Yes CR, Goonhilly links to SeaMeWe 3, which comes ashore at Kuggar just down the road.

Daniele Mandelli
Daniele Mandelli
3 months ago
Reply to  ChariotRider

And as for the Satellite Tracking Station, Goonhilly is the very reason for GCHQ Bude’s existence further north!

john
john
3 months ago
Reply to  ChariotRider

Thanks for the link. I will keep a close eye on this.

Spyinthesky
Spyinthesky
3 months ago
Reply to  ChariotRider

Some tv programme recently mentioned that the location of the two are not unrelated. Indeed till recentry I hadn’t realised that some 3/4 of Internet traffic still goes through under sea cables let alone telephony.

Dern
Dern
3 months ago
Reply to  ChariotRider

Optimistic, at the moment the only project that could realisitically look at launching from there would be Virgin’s LauncherOne, and atm I think they’re only flying out of Mojave.

ChariotRider
ChariotRider
3 months ago
Reply to  Dern

Hi Dern, If you look at the website and the Twitter at the bottom you will see that Virgin Orbital have signed some sort of agreement with Cornwall Spaceport and are aiming to launch in Q1 2022. So the Spaceport will need to be open by mid 2021 ish to prepare for the launch.
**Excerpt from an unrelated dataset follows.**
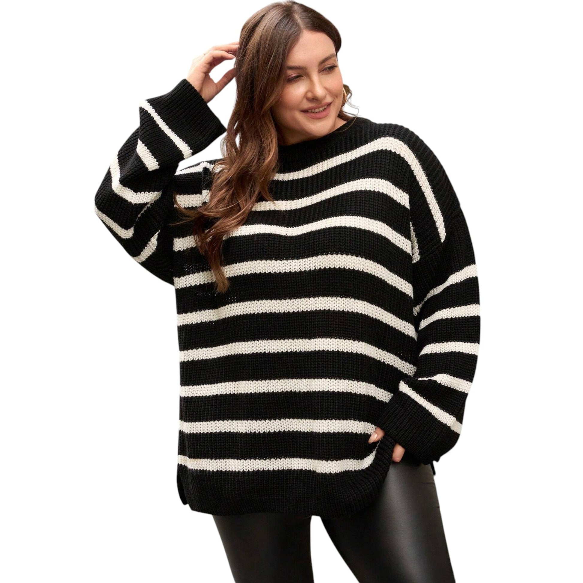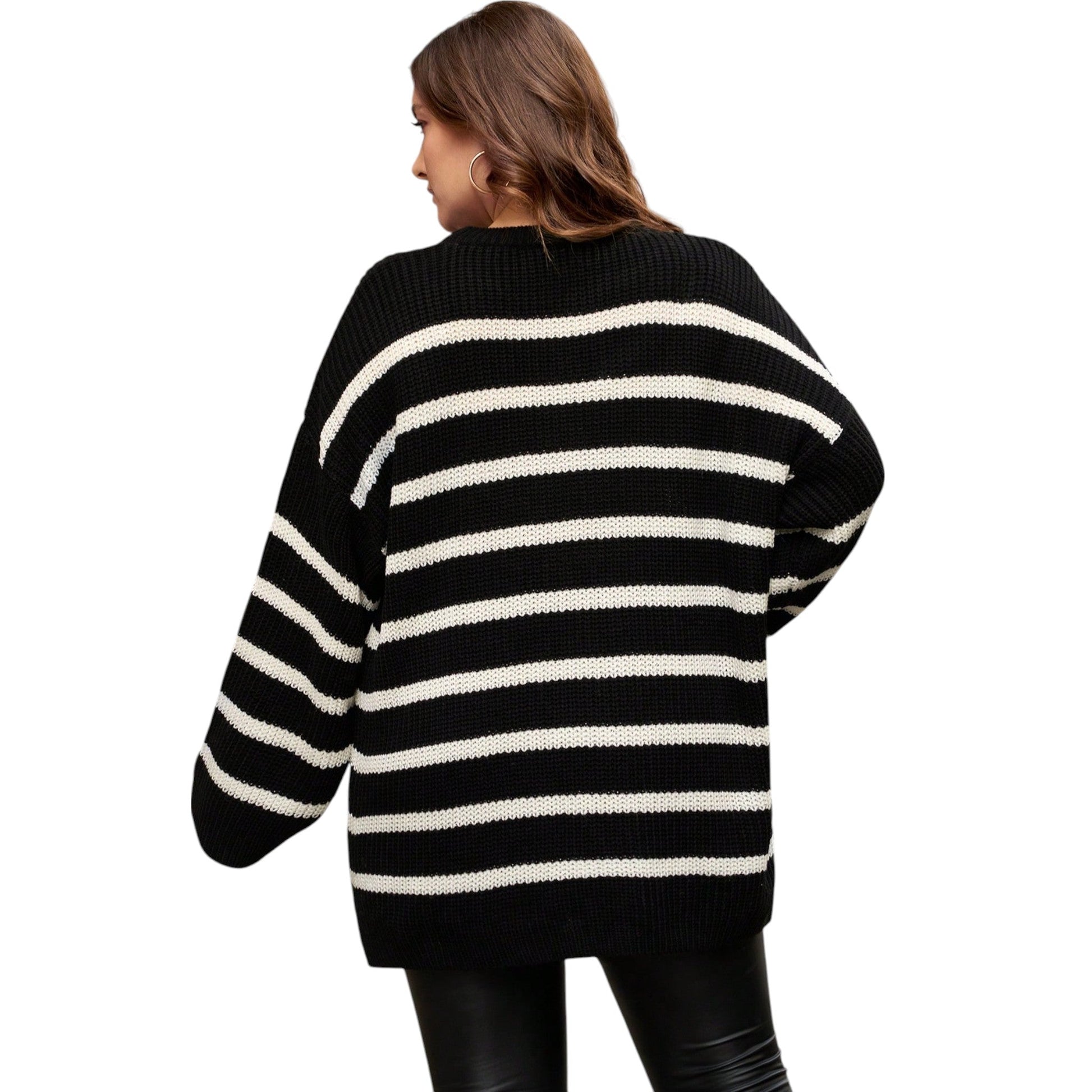 SHE fekete csíkos kötött pulóver

As I said above Newquay is a new airport with long runways (surprisingly long for a small regional airport), so much of the infrastructure is already in place it seems. So yes Virgin Orbital would be the launch customer for the Spaceport but you have to… Read more »

Dern
Dern
3 months ago
Reply to  ChariotRider

I’ve seen that, however Virigin Orbital (who operates Launcher One) has no concrete plans to use anywhere outside the US at the moment, just a vague ambition to launch anywhere besides Mojave and possibly Kenned. Everywhere else seems to be an ambition or wish list.
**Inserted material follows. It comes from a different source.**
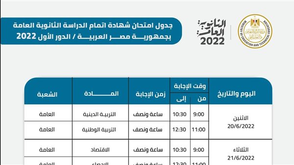 امتحانات الثانوية العامة 2022.. الجدول والمواعيد ونظام الامتحان
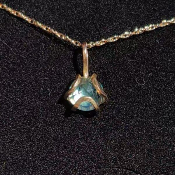 Solid 14K Gold, Blue Topaz 16″to 18″ adjustable chain, 1/4″ Pendant, 6mm Gemstone

My biggest skeptisism is I don’t see why anyone would pay to ship a Launcher One rocket to Cornwall for a launch when launch sites are much close to the production line in California.

Daveyb
Daveyb
3 months ago
Reply to  ChariotRider

Newquay is not a new airport, it been in use since WW2, formally known as RAF St. Mawgan. The runway used to be one of the longest in the UK at 2,744m, but has been surpassed by most of the main airports now. Even Heathrow (2.42 miles) is longer than Boscombe (2 miles) and Elvington (1.9miles) now which were earmarked as emergency landing runways for the Shuttle.

Benjamin Rule
Benjamin Rule
3 months ago

‘as we work towards the UK’s first satellite launch.’
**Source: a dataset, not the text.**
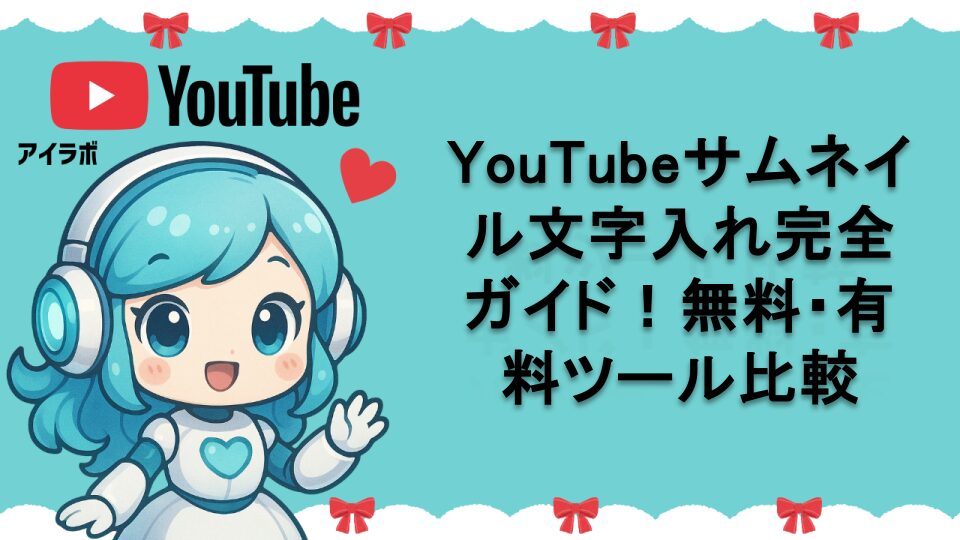 YouTubeサムネイルに効果的な文字を入れる方法を詳しく解説。無料・有料ツールの特徴、読みやすいフォント選択、色の組み合わせ、配置のコツまで実践的なテクニックを網羅。視聴者の目を引く魅力的なサムネイル制作で再生回数アップを目指しましょう。初心者でも今すぐ実践できる具体的な手順とデザインのポイントをAIラボちゃんが徹底解説します。

The first satellite launched by the UK was Prospero in 1971. Launched on a Black Arrow rocket. It’s still up there.
https://en.m.wikipedia.org/wiki/Prospero_(satellite)

ChariotRider
ChariotRider
3 months ago
Reply to  Benjamin Rule

Yeh, I noticed that. I guess ignoring history is convenient for someone’s ego 🙂

Daveyb
Daveyb
3 months ago
Reply to  ChariotRider

As seen i recent events, if history does not meet your way of thinking or gets in the way of your PR, erase it and replace it with something of your own design.

Spyinthesky
Spyinthesky
3 months ago
Reply to  Benjamin Rule

Yes that did prick a nerve with me too a bit like leaving Colossus out of the history of programmable computing. Lots of high value work went into that programme far too much to simply be historically classified as bin worthy.